▶ Extracted material:
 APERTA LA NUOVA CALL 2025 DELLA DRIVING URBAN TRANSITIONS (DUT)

==

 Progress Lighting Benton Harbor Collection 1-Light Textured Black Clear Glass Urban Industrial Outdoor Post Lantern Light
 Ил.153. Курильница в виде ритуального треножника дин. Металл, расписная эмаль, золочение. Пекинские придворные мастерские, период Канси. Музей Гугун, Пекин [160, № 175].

▶ What this task involves: Of all the entries above, output exactly the lines between the one holding "Progress Lighting Benton" and the one holding "Ил.153. Курильница в", inclusive.

▶ Expected output:
 Progress Lighting Benton Harbor Collection 1-Light Textured Black Clear Glass Urban Industrial Outdoor Post Lantern Light
 Ил.153. Курильница в виде ритуального треножника дин. Металл, расписная эмаль, золочение. Пекинские придворные мастерские, период Канси. Музей Гугун, Пекин [160, № 175].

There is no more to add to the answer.